Донна Филиппа нимало не смутилась. «Мессер! — веселым голосом заговорила она. — Что Ринальдо — мой муж и что нынче ночью он застал меня в объятиях Ладзарино, — а я много раз бывала в его объятиях, ибо люблю его пламенно и беззаветно, — все это совершенная правда, я этого и не думаю отрицать, однако ж вам не может не быть известно, что законы должны применяться ко всем одинаково, и вводиться они должны с согласия тех, кого они касаются. Настоящий закон таковым требованиям не отвечает: он только горемычным женщинам не дает развернуться, а между тем женщины в состоянии удовлетворить многих, мужчины же им в этом значительно уступают. Кроме того, когда этот закон вводили, женщины опрошены не были, согласия своего женщины не дали, — вот почему его нельзя назвать иначе как злодейским. В вашей воле — применить его ко мне и тем погубить мою жизнь, а вместе с ней и свою душу, но, прежде чем выносить какое-либо решение по моему делу, явите мне, пожалуйста, одну невеликую милость: спросите моего мужа, отказывала ли я ему когда-либо, вся ли я ему каждый раз отдавалась, и притом столько ли раз, сколько ему было угодно». На это Ринальдо, не дожидаясь вопроса со стороны градоправителя, поспешил ответить, что жена в самом деле безотказно исполняла все его желания. «А коли так, — подхватила донна Филипла, — позвольте вас спросить, господин градоправитель: если он берет от меня все, что только ему требуется и желается, то как же я должна поступить с излишком, который у меня остается? Собакам, что ли его скормить? Ведь это может потеряться, может испортиться, так не лучше ли услужить благородному человеку, который любит меня больше самого себя?»

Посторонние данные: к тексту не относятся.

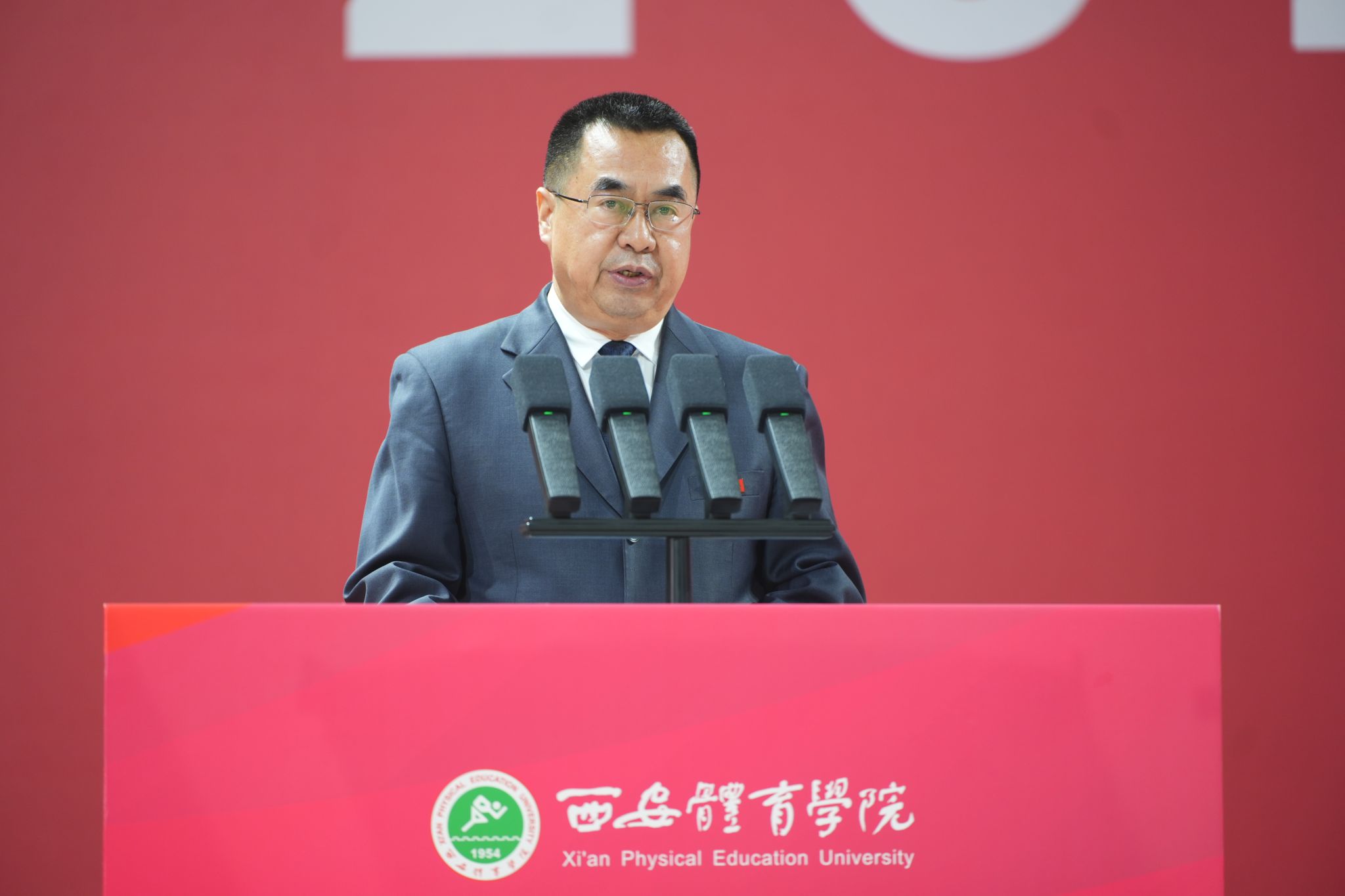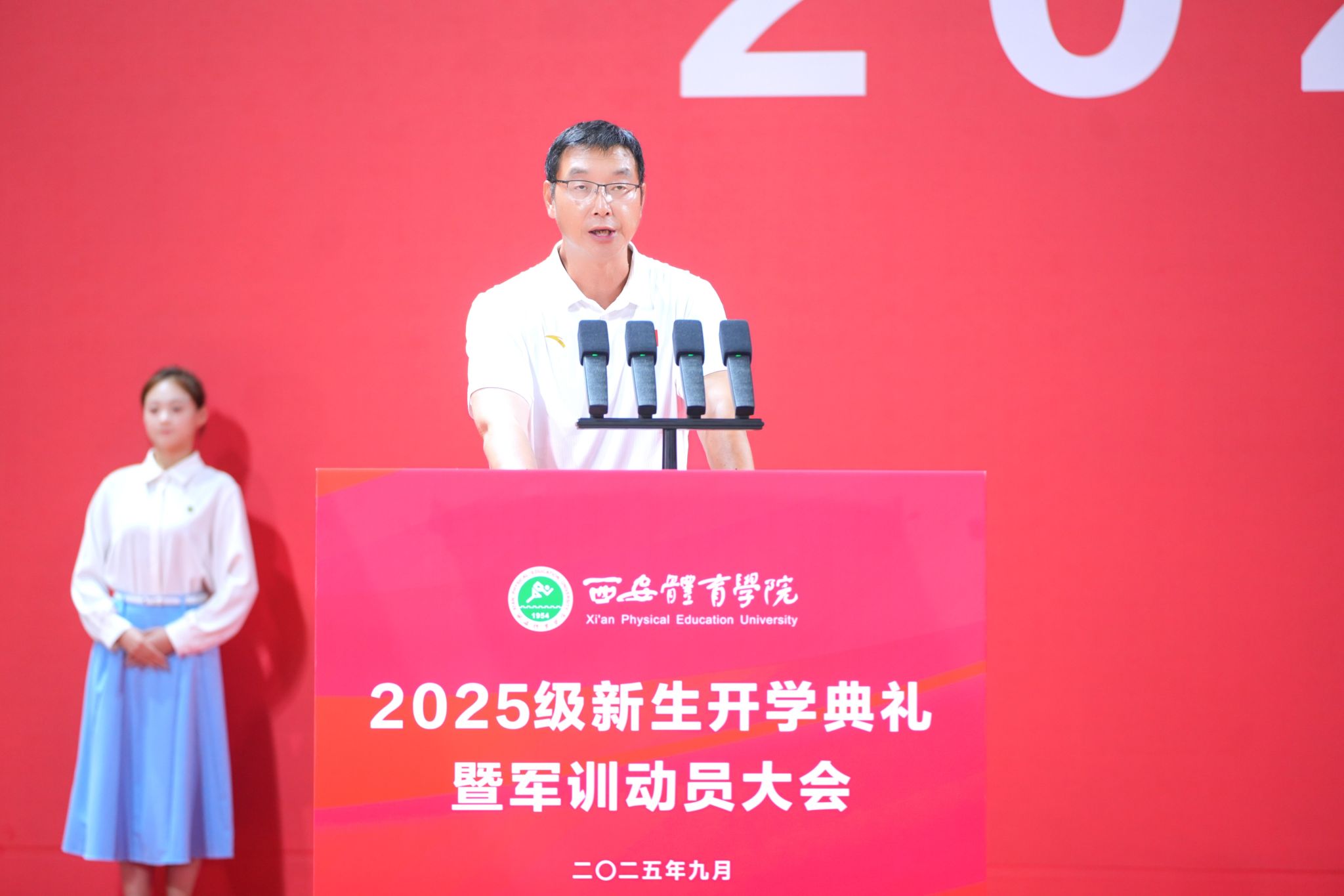 校长李富生以“守正创新超越 自信自立自强”为主题,以“传承、奋进、逐梦”为主线,为全体新生讲了开学第一课。他指出,我校建校71年来,始终与国家体育事业发展同频共振,而今,通过一系列疾风骤雨、破壁开局、重塑筋骨的改革发展举措,学校各项办学核心指标大幅跃升,人才培养质量稳步提升,办学综合实力显著增强,治理体系和治理能力现代化迈出坚实步伐。基建提速,从蓝图到实景,刷新“西体速度”;校区西迁,从一体到两翼,擘画“西体宏图”;赛道转换,从险处到高峰,彰显“西体特色”;赛事添彩,从创新到引爆,树立“西体标杆”;竞训改革,从跟跑到重构,形成“西体范式”;体教融合,从实践到理论,凝筑“西体智慧”,如今的西体,正以昂扬的姿态向着一流体育大学阔步前进。

На расследование дела столь обольстительной и столь знатной дамы собрался чуть ли не весь Прато; услышав забавный ее ответ, все захохотали, а потом, досыта насмеявшись, почти в один голос крикнули, что жена права и что она говорит дело. Прежде чем разойтись, горожане, поощряемые градоправителем, исправили закон: теперь его можно было применять только к женам, которые изменяли мужьям ради денег. По сему обстоятельству Ринальдо, потерпевший неудачу с безрассудной своей затеей, удалился в смущении, зато его оправданная жена возвратилась домой с видом торжествующим и победоносным.
Новелла восьмая
Фреско советует своей племяннице не смотреться в зеркало, коль скоро, как она уверяет, ее тошнит от людей противных
Рассказ Филострато поначалу слегка смутил слушательниц, о чем свидетельствовала краска стыда, проступившая на их лицах; однако ж, переглядываясь, фыркая и давясь хохотом, они кое-как его дослушали. Когда же Филострато досказал, королева велела рассказывать Эмилии, и та, глубоко вздохнув, словно только что пробудилась, начала следующим образом:
— Милые подружки! Я задумалась и в мыслях унеслась отсюда надолго и далеко, — вот почему я исполню повеление королевы, но только, по всей вероятности, рассказ мой получится гораздо короче[231], чем если бы я душой была здесь, а расскажу я вам о сумасбродстве одной девицы, о том, как дядя, прибегнув к шутке, попытался ее образумить и как у нее не хватило ума понять его шутку.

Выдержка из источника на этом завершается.